Il 1° settembre 2026 John Ternus diventerà il nuovo CEO di Apple. Lo ha annunciato ufficialmente la stessa azienda di Cupertino con un comunicato stampa che chiude un ciclo lungo 15 anni e apre una delle fasi più incerte e potenzialmente più entusiasmanti nella storia della Mela. Tim Cook assumerà il ruolo di executive chairman, restando a bordo per garantire una transizione ordinata fino alla fine dell’estate.

È il primo cambio al vertice dal 2011, quando Cook stesso arrivò al posto di Steve Jobs, poche settimane prima della morte del cofondatore. La tempistica è tutt’altro che casuale. La notizia arriva appena tre settimane dopo i grandi festeggiamenti per il 50° anniversario di Apple, fondata il 1° aprile 1976 da Steve Jobs, Steve Wozniak e Ronald Wayne in un garage di Los Altos, California.

Un mese di eventi globali, con Alicia Keys che si esibiva a sorpresa alla Grand Central Station di New York e Sir Paul McCartney che chiudeva i festeggiamenti con un concerto privato ad Apple Park il 31 marzo. Un finale spettacolare, quasi una cerimonia di commiato involontaria per Cook. E ora, il sipario si apre su un nuovo atto.

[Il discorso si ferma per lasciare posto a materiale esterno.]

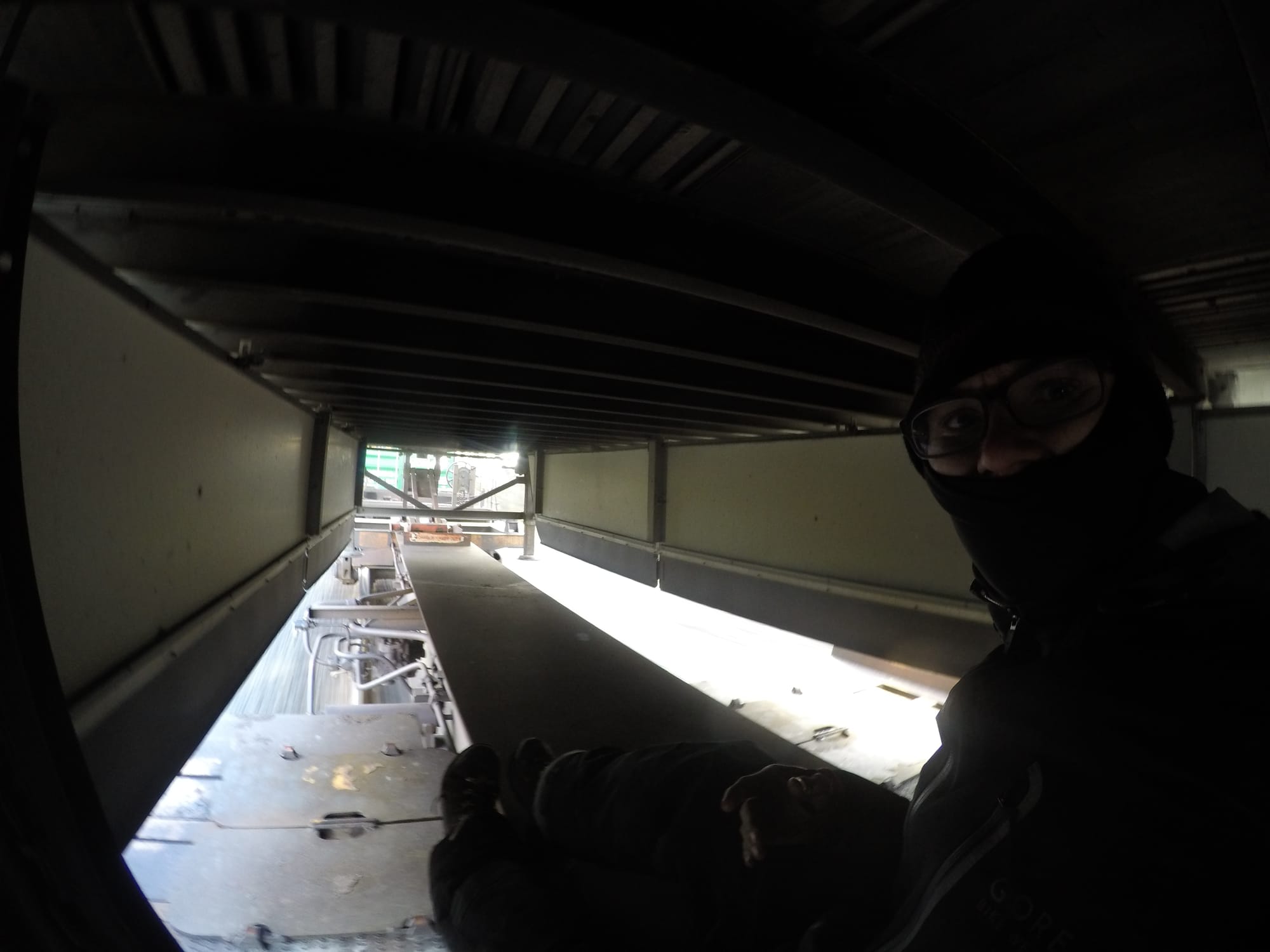 You can ride flat cars, and lumber racks if you so choose, but your chances of getting caught increase greatly while you’re out in the open. Trust me, I rode a flat car between two containers (COFC – Container on Flat Car) on a shorty IM in New Zealand and I’m really surprised no one noticed me at railroad crossings in broad daylight. With that in mind, you can ride on a TOFC (Trailer on Flat Car), specifically a piggyback or piggy for short, which is a semi-trailer on a flat car. You can ride on the spine or between the wheel well of the train, normally these are fast rides, especially if you catch the Z-train (mail train) out of the Midway Yard in Minneapolis, MN.

Chi è John Ternus, l’ingegnere che deve riportare l’anima di Steve Jobs in Apple (e sostituisce Tim Cook)
John Ternus © Apple

Chi è John Ternus

John Ternus ha 50 anni, è nato in California, e rappresenta qualcosa di insolito nel panorama dei CEO del Big Tech: è, prima di tutto, un ingegnere. Si è laureato in ingegneria meccanica alla University of Pennsylvania nel 1997, il suo progetto di tesi era un braccio robotico per persone con tetraplegia, controllabile con i movimenti della testa. Prima di Apple ha lavorato come ingegnere meccanico alla Virtual Research Systems, dove progettava visori per la realtà virtuale.

È entrato in Apple nel 2001, quattro anni dopo la laurea, e non ne è più uscito. Ha iniziato nel team di product design, lavorando inizialmente sull’Apple Cinema Display. Nel 2013 è diventato vicepresidente dell’hardware engineering, fino alla promozione nel 2021 a Senior Vice President, entrando nel ristretto cerchio dell’executive team. Da quel momento ha guidato tutti i team di ingegneria hardware: iPhone, iPad, Mac, Apple Watch, AirPods, e Apple Vision Pro. È stato, secondo le stesse parole di Apple, “strumentale” nello sviluppo di alcune delle linee di prodotto più importanti degli ultimi anni, tra cui il recente MacBook Neo e la lineup iPhone 17.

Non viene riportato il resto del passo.